Right now i have 12 amanos shrimp, 20 cherry shrimps, 5 tiger shrimps. I do not feed them for the past 3 months and all seem to survive. yay 

Recently i add in 2 CRS and red nose shrimp..

Seeing that my shrimp community is increasing, do i actually need to feed them with shrimp food?

I dont intend to breed.

Sorry for opening a new thread as i cant find one that particularly talk on feeding shrimp.

thanks guys.


----------



## James He (Aug 24, 2009)

Try Hikari Crab Cuisine and boiled vegetable (squash or spinach).

If you can't find Crab Cuisine then HBC Crab & Lobster Bites is good alternative.

James


----------



## shakiraa (Oct 10, 2009)

James He said:


> Try Hikari Crab Cuisine and boiled vegetable (squash or spinach).
> 
> If you can't find Crab Cuisine then HBC Crab & Lobster Bites is good alternative.
> 
> James


Hi James, thanks for the recommendation. but i want to know do i actually need to feed them?

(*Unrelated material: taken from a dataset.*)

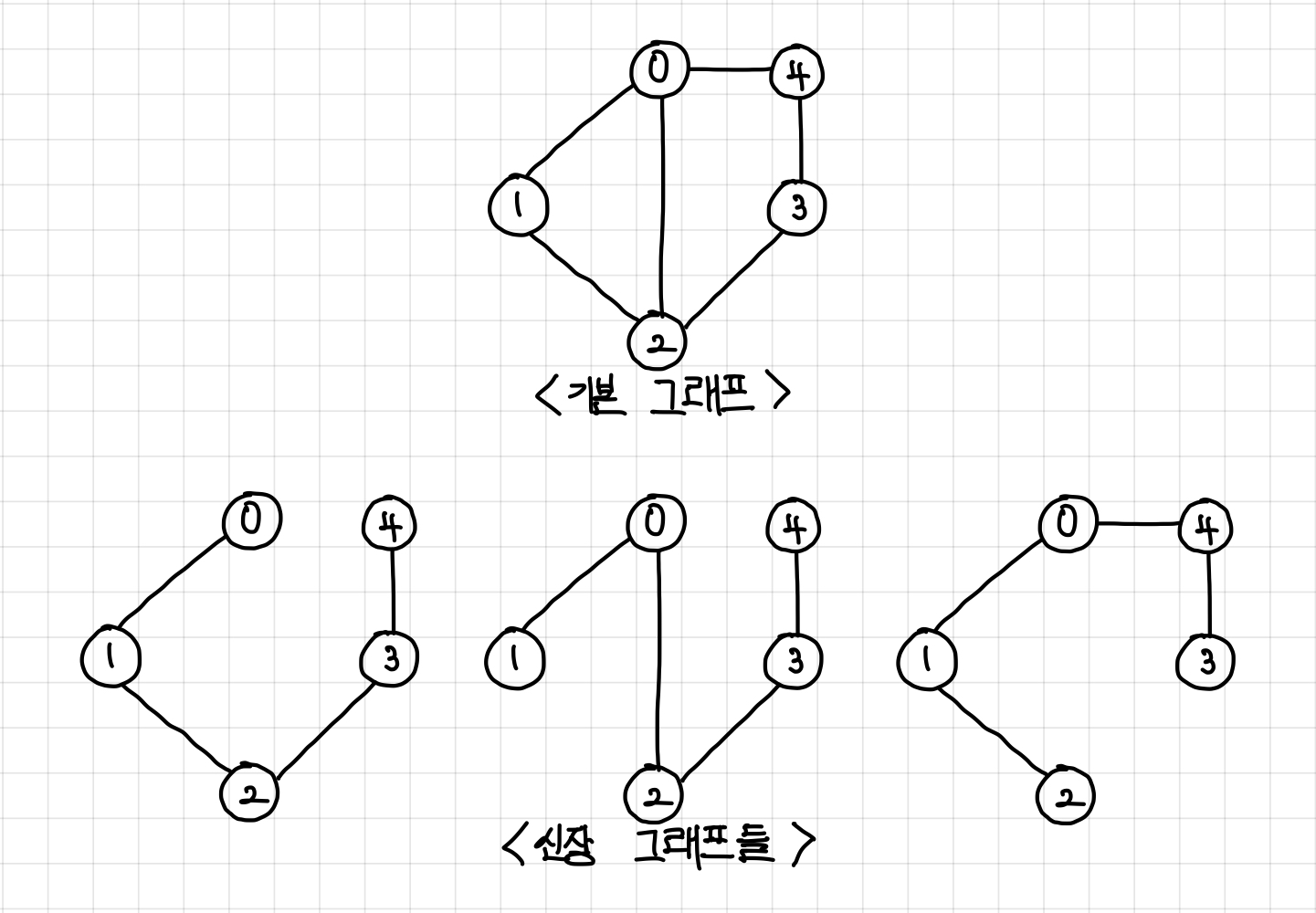 한 그래프에는 아래 그림처럼 여러 개의 신장 트리가 있을 수 있다.

or let them search for "food" in my planted tank. thx


----------



## paleopaque (Jun 23, 2009)

hi shakiraa, that probably depends on whether or not you will have enough decaying plant matter, biofilm, and algae to sustain their needs. it is probably a good idea to throw something in there occasionally like fish flake or boiled spinach like james said if you don't want to buy shrimp-specific food. at some point they may run out of food and when they're dead it'll be too late to add the food imho


----------



## James He (Aug 24, 2009)

shakiraa said:


> Hi James, thanks for the recommendation. but i want to know do i actually need to feed them?
> 
> or let them search for "food" in my planted tank. thx


Ok, you can check their intestinal tracts, the male with less color, you can see it. It would be dark color.
If you have algae in your tank, you don't need to feed them.

But I still through one or two bites of crab cuisine every once in a while. to give them some treat for the micro elements which may be missing from the tank. It's no harm, just don't over fed them.

James


----------



## shakiraa (Oct 10, 2009)

thanks guys. raelly appreciate ur advice. already bought some shrimp food yesterday will feed them once every 3 days now


----------